═══ GIVEN DATA ═══
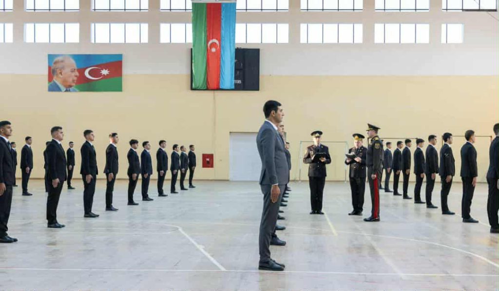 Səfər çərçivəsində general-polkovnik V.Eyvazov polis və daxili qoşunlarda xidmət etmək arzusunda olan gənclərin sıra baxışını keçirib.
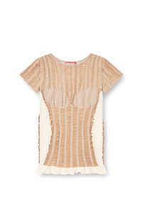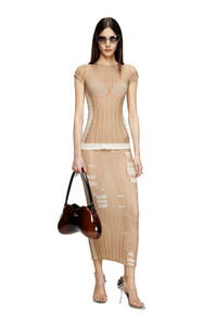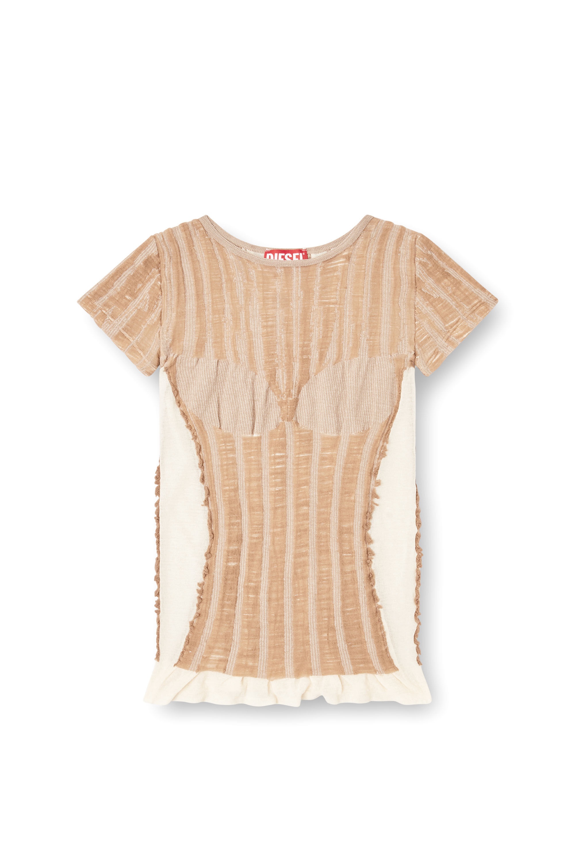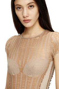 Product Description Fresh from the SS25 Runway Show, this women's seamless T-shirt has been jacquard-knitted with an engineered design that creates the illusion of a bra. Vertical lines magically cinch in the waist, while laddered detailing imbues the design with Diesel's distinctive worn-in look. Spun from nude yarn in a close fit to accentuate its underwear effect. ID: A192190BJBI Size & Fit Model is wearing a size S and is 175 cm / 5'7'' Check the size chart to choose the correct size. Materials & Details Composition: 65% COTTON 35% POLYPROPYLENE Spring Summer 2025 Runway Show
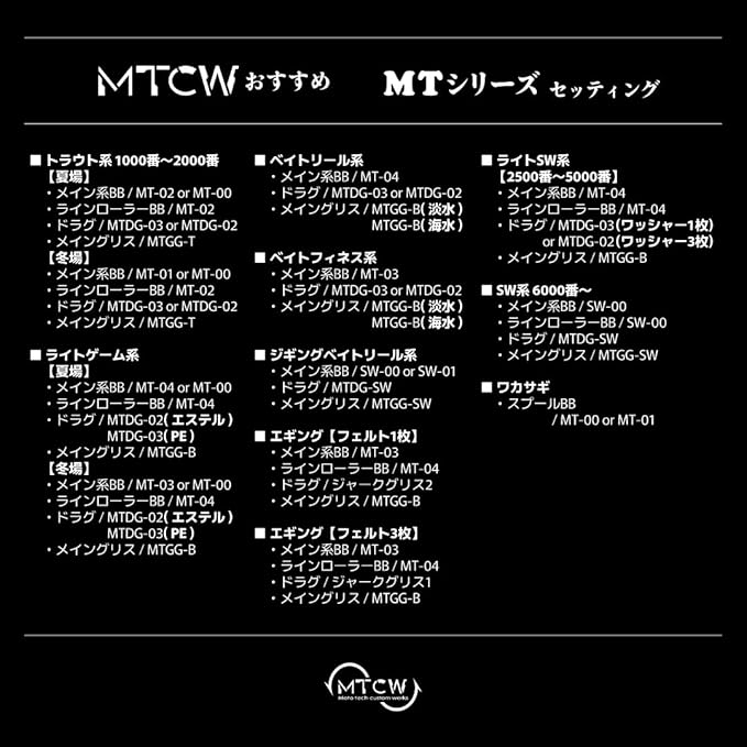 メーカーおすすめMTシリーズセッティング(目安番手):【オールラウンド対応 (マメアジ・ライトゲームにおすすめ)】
═══
_EXERCISE DIRECTIONS:_ An exact copy of the material is required, minus the pictures.

_RESULT OF THIS EXERCISE:_
 Səfər çərçivəsində general-polkovnik V.Eyvazov polis və daxili qoşunlarda xidmət etmək arzusunda olan gənclərin sıra baxışını keçirib.
 Product Description Fresh from the SS25 Runway Show, this women's seamless T-shirt has been jacquard-knitted with an engineered design that creates the illusion of a bra. Vertical lines magically cinch in the waist, while laddered detailing imbues the design with Diesel's distinctive worn-in look. Spun from nude yarn in a close fit to accentuate its underwear effect. ID: A192190BJBI Size & Fit Model is wearing a size S and is 175 cm / 5'7'' Check the size chart to choose the correct size. Materials & Details Composition: 65% COTTON 35% POLYPROPYLENE Spring Summer 2025 Runway Show
 メーカーおすすめMTシリーズセッティング(目安番手):【オールラウンド対応 (マメアジ・ライトゲームにおすすめ)】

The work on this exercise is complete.